Preeklampsia sendiri merupakan penyebab ±15% dari seluruh kelahiran prematur. Ada
pendapat bahwa janin penderita preeklampsia berada dalam keadaan stres sehingga
mengalami percepatan pematangan paru. Akan tetapi menurut Schiff dkk, tidak terjadi
percepatan pematangan paru pada penderita preeklampsia.

7. KOMPLIKASI
Kejang (eklampsia) Eklampsia adalah keadaan ditemukannya serangan kejang tibatiba
yang dapat disusul dengan koma pada wanita hamil, persalinan atau masa nifas yang
sebelumnya menunjukan gejala preeklampsia (Prawirohardjo, 2010).

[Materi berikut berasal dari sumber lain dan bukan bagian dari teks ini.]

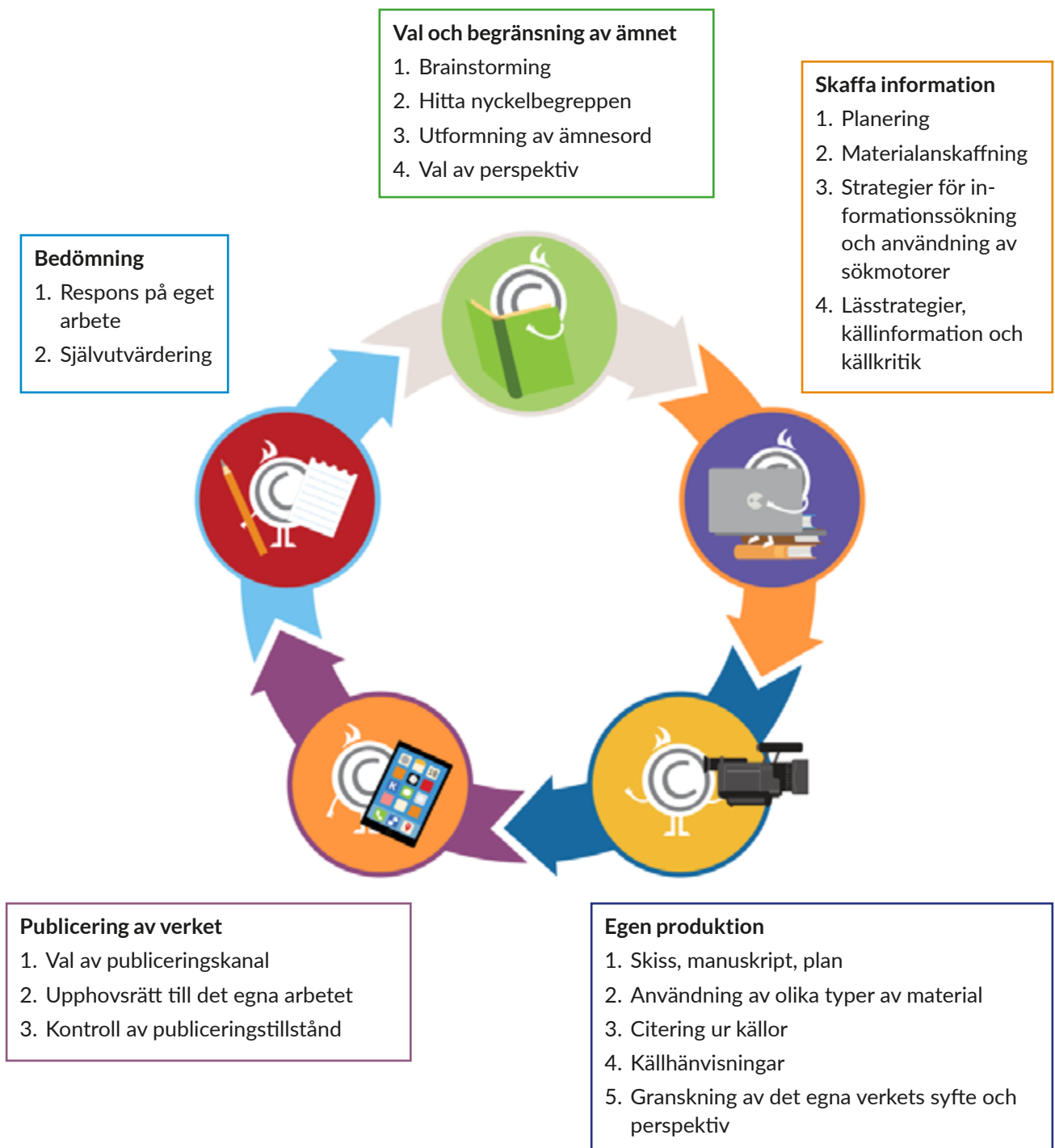
BILD 5. Den studerandes eget arbetes steg

Upphovsrättsrelaterade kunskaper och färdigheter är en del av multilitteraciteten, eftersom de behövs i kreativt skapande när man 1) använder, 2) producerar och 3) delar innehåll. Processen för det kreativa skapandet följer projektarbetets olika skeden, som beskrivs i materialet om kreativt skapande (BILD 5). Modellen kan användas i vilken kurs som helst där man arbetar med olika slags projektarbeten.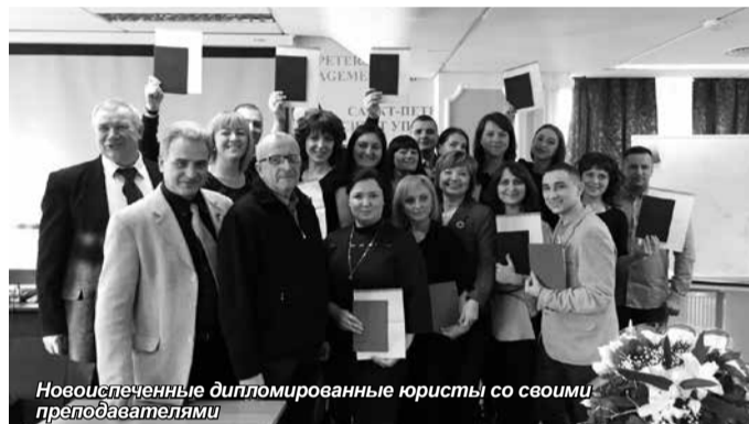
Новоиспеченные дипломированные юристы со своими преподавателями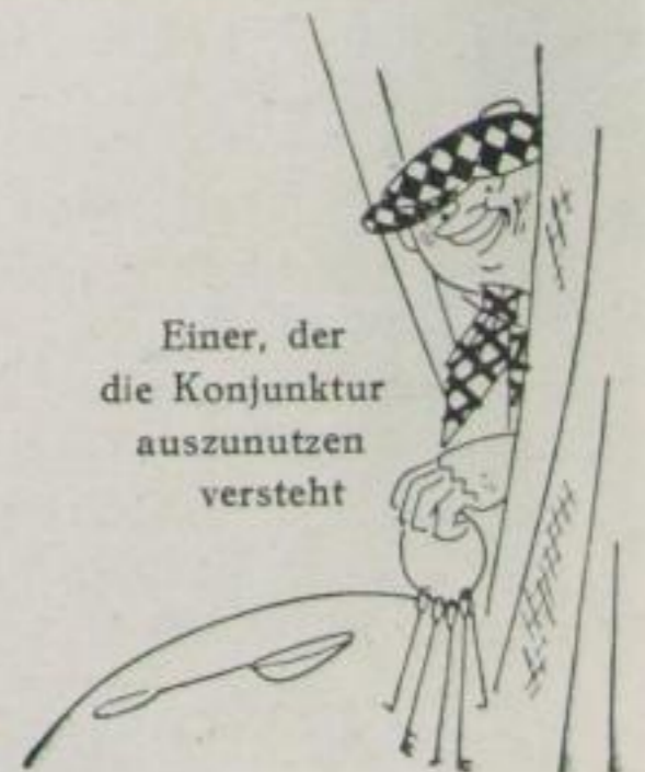
Einer, der die Konjunktur auszunutzen versteht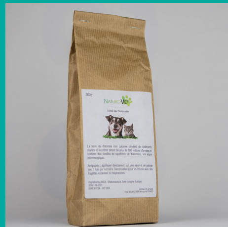
Terre de Diatomée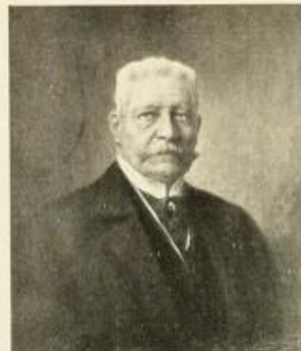
344 H. VOGEL Reichspräs. v. Hindenburg 57½×71 cm Normalblatt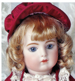
ミレット・EJジュモール 〔身長 27cm〕 ボディは コンポジション or オールビスク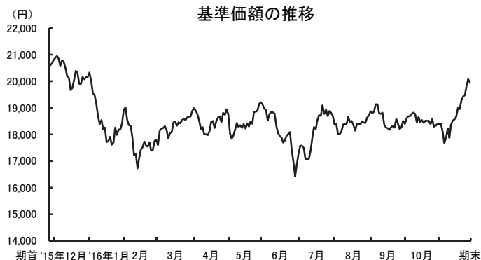
○基準価額の high・安値

Preeklampsia pada awalnya ringan sepanjang kehamilan, namun pada akhir
kehamilan berisiko terjadinya kejang yang dikenal eklampsia. Jika eklampsia tidak ditangani
secara cepat dan tepat, terjadilah kegagalan jantung, kegagalan ginjal dan perdarahan otak
yang berakhir dengan kematian (Natiqotul, 2016).

8. PROGNOSIS
Prognosis preeklampsia pada ibu dikaitkan dengan diagnosis dan pengobatan dini. 
Jika penderita tidak terlambat mendapatkan penanganan sesegera mungkin, terlebih untuk
kasus gawat darurat, gejala perbaikan akan tampak jelas setelah persalinan/terminasi.